— INSTRUCTIONS TO FOLLOW —
The output should consist solely of the lines running from the one that contains "近年ではスモールの人という認" through the end of the records below, copied exactly.

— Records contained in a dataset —
··········

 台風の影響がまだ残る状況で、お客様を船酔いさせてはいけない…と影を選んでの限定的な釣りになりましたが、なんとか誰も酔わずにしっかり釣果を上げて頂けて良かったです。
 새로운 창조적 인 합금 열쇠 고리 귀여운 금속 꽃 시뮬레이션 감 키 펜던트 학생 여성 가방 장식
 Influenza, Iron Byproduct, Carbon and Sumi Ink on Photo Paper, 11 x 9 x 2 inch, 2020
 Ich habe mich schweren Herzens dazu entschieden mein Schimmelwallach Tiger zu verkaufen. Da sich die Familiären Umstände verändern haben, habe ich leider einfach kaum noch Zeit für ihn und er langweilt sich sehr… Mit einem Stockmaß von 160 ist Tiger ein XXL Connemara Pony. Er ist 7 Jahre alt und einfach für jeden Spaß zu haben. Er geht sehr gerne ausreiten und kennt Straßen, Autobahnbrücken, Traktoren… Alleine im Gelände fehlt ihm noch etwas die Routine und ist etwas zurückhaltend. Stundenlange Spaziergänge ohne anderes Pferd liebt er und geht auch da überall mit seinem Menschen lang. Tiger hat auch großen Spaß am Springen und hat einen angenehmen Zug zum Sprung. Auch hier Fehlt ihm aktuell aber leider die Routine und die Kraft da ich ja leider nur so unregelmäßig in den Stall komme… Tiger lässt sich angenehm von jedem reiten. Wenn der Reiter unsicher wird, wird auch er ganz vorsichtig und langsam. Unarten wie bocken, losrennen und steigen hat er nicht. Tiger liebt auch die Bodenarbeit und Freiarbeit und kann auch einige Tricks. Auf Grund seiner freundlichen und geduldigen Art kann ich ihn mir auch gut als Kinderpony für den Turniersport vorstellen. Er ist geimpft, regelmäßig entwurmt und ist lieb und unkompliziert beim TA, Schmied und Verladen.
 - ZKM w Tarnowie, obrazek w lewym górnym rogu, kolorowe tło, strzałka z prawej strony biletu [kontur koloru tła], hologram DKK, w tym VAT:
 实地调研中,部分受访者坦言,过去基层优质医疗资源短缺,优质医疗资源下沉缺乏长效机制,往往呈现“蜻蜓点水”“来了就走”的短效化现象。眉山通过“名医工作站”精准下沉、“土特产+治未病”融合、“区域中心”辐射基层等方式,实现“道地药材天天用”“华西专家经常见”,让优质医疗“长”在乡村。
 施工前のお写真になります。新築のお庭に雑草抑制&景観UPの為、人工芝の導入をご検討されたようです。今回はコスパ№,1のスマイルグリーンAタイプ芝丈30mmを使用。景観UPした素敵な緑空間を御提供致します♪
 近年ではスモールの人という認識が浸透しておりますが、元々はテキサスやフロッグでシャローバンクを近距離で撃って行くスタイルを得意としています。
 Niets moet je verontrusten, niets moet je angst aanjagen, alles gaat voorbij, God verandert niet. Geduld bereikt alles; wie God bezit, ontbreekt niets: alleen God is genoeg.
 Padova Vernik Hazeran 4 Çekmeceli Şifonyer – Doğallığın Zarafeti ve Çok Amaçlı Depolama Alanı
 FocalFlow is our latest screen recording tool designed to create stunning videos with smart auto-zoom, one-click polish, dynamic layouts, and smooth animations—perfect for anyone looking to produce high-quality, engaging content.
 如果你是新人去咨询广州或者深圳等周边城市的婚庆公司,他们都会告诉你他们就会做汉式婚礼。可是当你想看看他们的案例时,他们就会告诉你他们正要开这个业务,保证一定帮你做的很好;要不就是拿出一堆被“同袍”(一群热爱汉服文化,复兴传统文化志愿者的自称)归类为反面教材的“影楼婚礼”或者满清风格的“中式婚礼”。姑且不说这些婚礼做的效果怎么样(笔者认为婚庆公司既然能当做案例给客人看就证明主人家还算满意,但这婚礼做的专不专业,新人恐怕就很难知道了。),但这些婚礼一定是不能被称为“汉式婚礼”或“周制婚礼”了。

··········

— EXERCISE RESPONSE —
 近年ではスモールの人という認識が浸透しておりますが、元々はテキサスやフロッグでシャローバンクを近距離で撃って行くスタイルを得意としています。
 Niets moet je verontrusten, niets moet je angst aanjagen, alles gaat voorbij, God verandert niet. Geduld bereikt alles; wie God bezit, ontbreekt niets: alleen God is genoeg.
 Padova Vernik Hazeran 4 Çekmeceli Şifonyer – Doğallığın Zarafeti ve Çok Amaçlı Depolama Alanı
 FocalFlow is our latest screen recording tool designed to create stunning videos with smart auto-zoom, one-click polish, dynamic layouts, and smooth animations—perfect for anyone looking to produce high-quality, engaging content.
 如果你是新人去咨询广州或者深圳等周边城市的婚庆公司,他们都会告诉你他们就会做汉式婚礼。可是当你想看看他们的案例时,他们就会告诉你他们正要开这个业务,保证一定帮你做的很好;要不就是拿出一堆被“同袍”(一群热爱汉服文化,复兴传统文化志愿者的自称)归类为反面教材的“影楼婚礼”或者满清风格的“中式婚礼”。姑且不说这些婚礼做的效果怎么样(笔者认为婚庆公司既然能当做案例给客人看就证明主人家还算满意,但这婚礼做的专不专业,新人恐怕就很难知道了。),但这些婚礼一定是不能被称为“汉式婚礼”或“周制婚礼”了。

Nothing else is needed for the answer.